To deal with each time collection and non-time collection information, we’ve designed a mannequin structure that may course of enter from each sources.

The time collection information will go by means of a long short-term memory (LSTM) layer that can convert time collection enter right into a one-dimensional vector illustration, resembling 16×1. The non-time collection information or dense information will go by means of a dense layer (i.e., a completely related layer). Then the 2 vectors will likely be concatenated, to completely symbolize the community situation up to now, and handed by means of a completely related layer once more. The ultimate output from the neural community mannequin would be the predicted output of the goal/activity, as proven in Determine 4. 

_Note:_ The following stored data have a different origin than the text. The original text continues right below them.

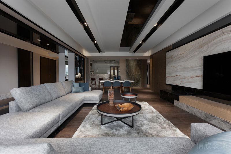 深圳市龍華區北宸之光家園客廳 深色木紋大面積的客廳木地板,增加了客廳的厚重感和深沉味道,白色帶黑色反光玻璃的吊頂;讓黑與白的搭配漂亮而時尚,深色木紋和天然大理石的電視背景墻,體現了自然的美和簡單的奢華。
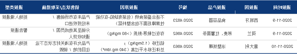 欧盟食品和饲料类快速预警系统(RASFF)通报(2020年第46周)
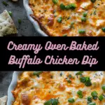 This Creamy Oven‑Baked Buffalo Chicken Dip is a cheesy, spicy, and creamy hot appetizer made with shredded chicken, cream cheese, ranch, buffalo sauce, and cheddar cheese. Perfect for game day, parties, or any gathering.
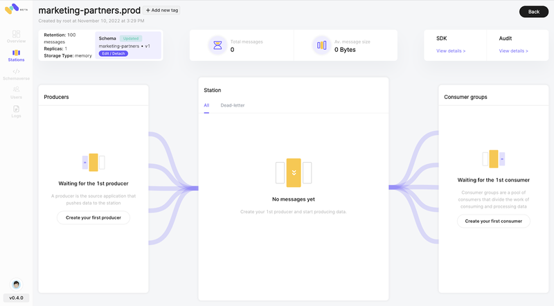 Avoid schema drifting means that you want to enforce a particular schema on a topic or station and validate each produced data. This tutorial assumes that you are using Confluent cloud with registry configured. If not, here is a Confluent article on how to install the self-managed version (without enhanced features).
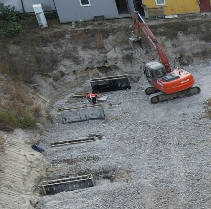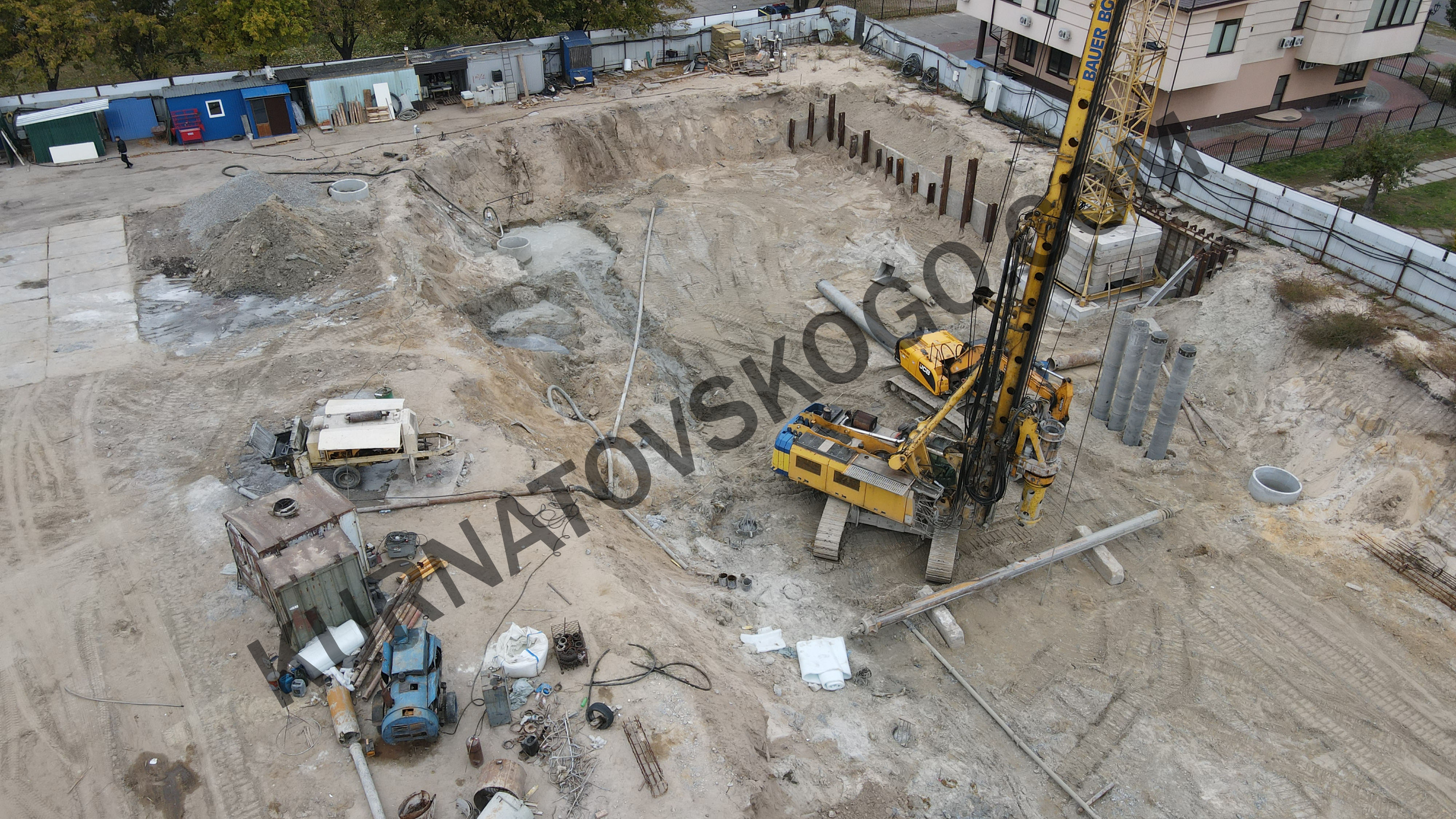 Работа кипит. Стационарный кран установлен, появился еще один самоходный кран. Добавилось экскаваторов. Появилось больше бытовок.
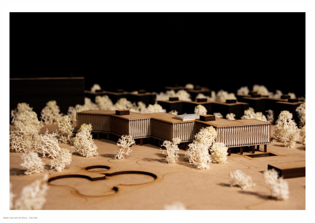 Many demands of a community segregated from the urban network and in itself segregated by the impossibility of interactions will be satisfied by a community center containing a plurality of open spaces, social and cultural activities, and well-defined places for leisure and social interaction, becoming the new hearth of local life. Situated within the green of the park, it takes over the enabling role of the now deserted sporting facilities, with the open ground floor animating the now underutilized public outdoor space. It revives not only current local activity and relationships, but it most importantly invigorates the still enduring idea of the park as a part of local identity.
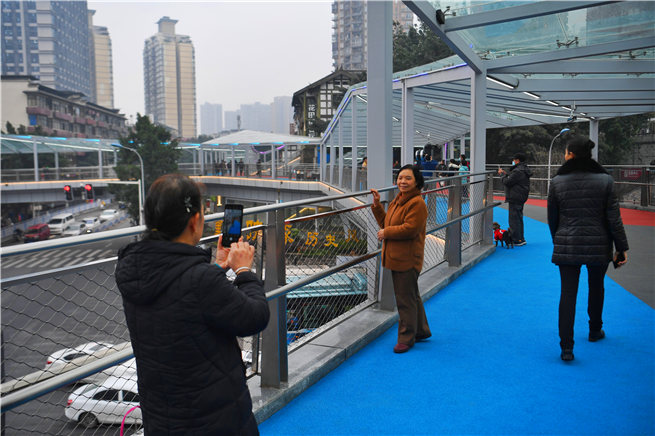 人民網重慶12月16日電 高顏值、有升降電梯、夜晚燈光璀璨……今日,南坪商圈民生工程南坪西路空中聯廊正式投用,不少市民陸續走上新橋進行體驗。
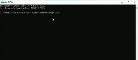 打开那个黑色的窗口后,输入 bcdedit /set hypervisorlaunchtype off 这行代码,然后按回车。完成后关闭窗口,再次重启电脑。
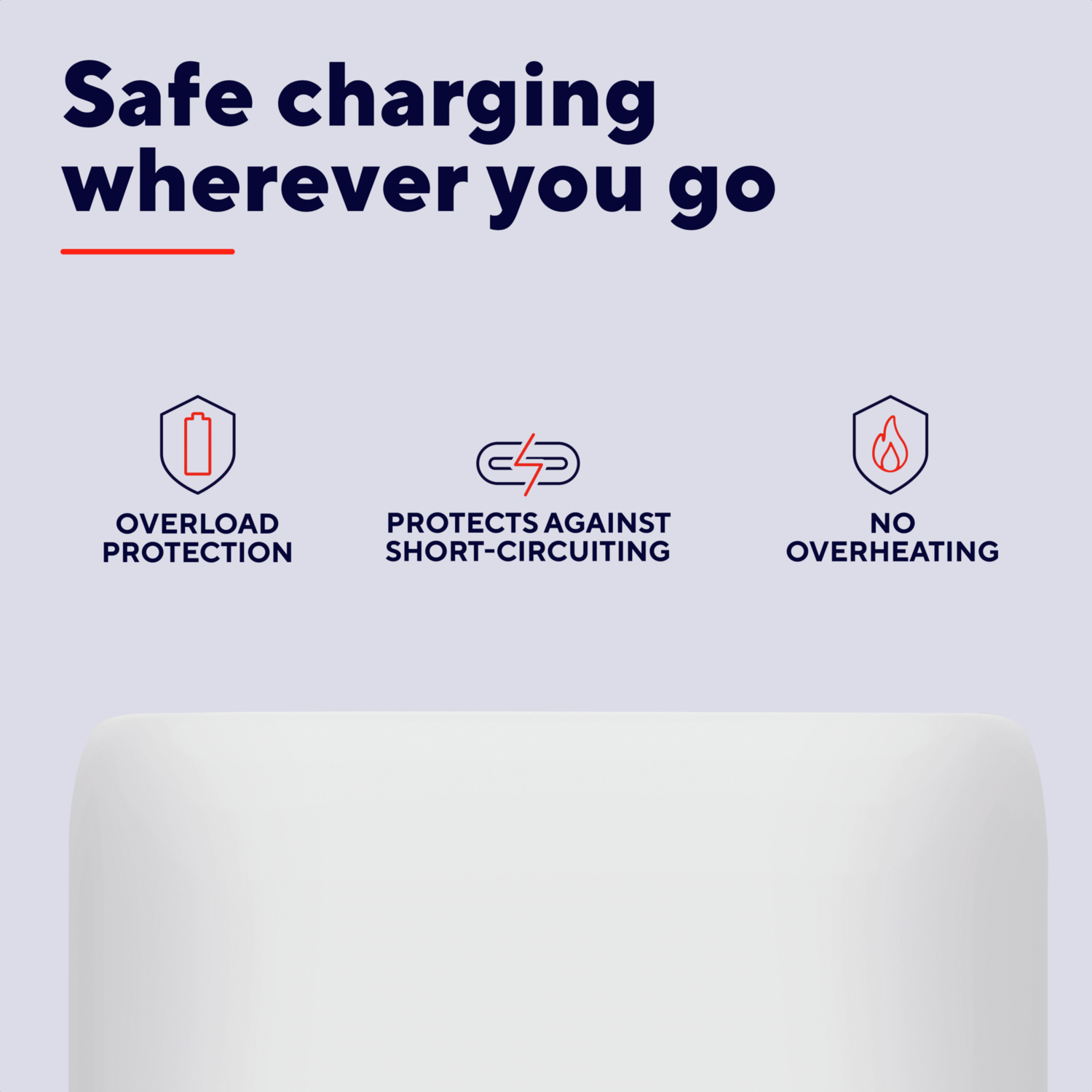 - Ідеальний зарядний пристрій для подорожей: працює з розетками будь-якої напруги по всьому світу (90–240 В змінного струму, 60/50 Гц).
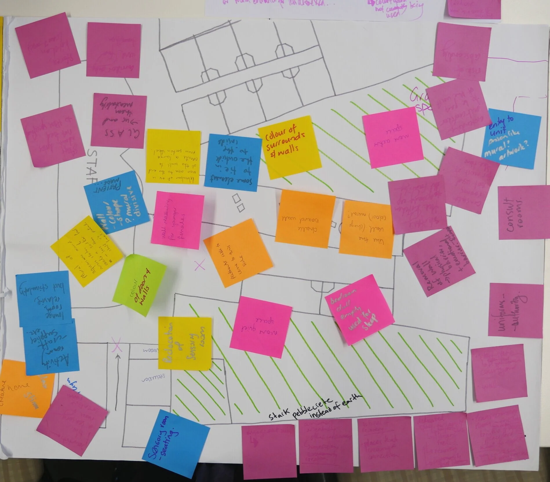 We held workshops with a range of Nepean stakeholders to get their perspectives on how to reduce the need for seclusion through space and environment redesign. This included new courtyards and therapeutic rooms.
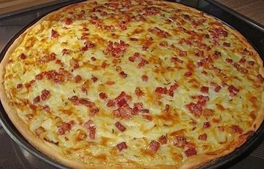Den Belag dann in die mit dem Teig ausgelegte Kuchenform geben und anschließend noch mit dem geräucherten Schinken und dem Kümmel bestreuen.

Determine 4: Mixed-model structure with LSTM and Dense Layers

Use case: Random packet loss classification

Let’s think about the use case of categorizing packet loss as both random or congestion. The previous loss is as a result of community parts, and the latter is as a result of limits in queue size (that are delay dependent). Right here is the ML activity definition:

Given the community situations up to now N seconds (10), and that the community is at present incurring packet loss, the aim is to characterize the packet loss on the present timestamp as RANDOM or not.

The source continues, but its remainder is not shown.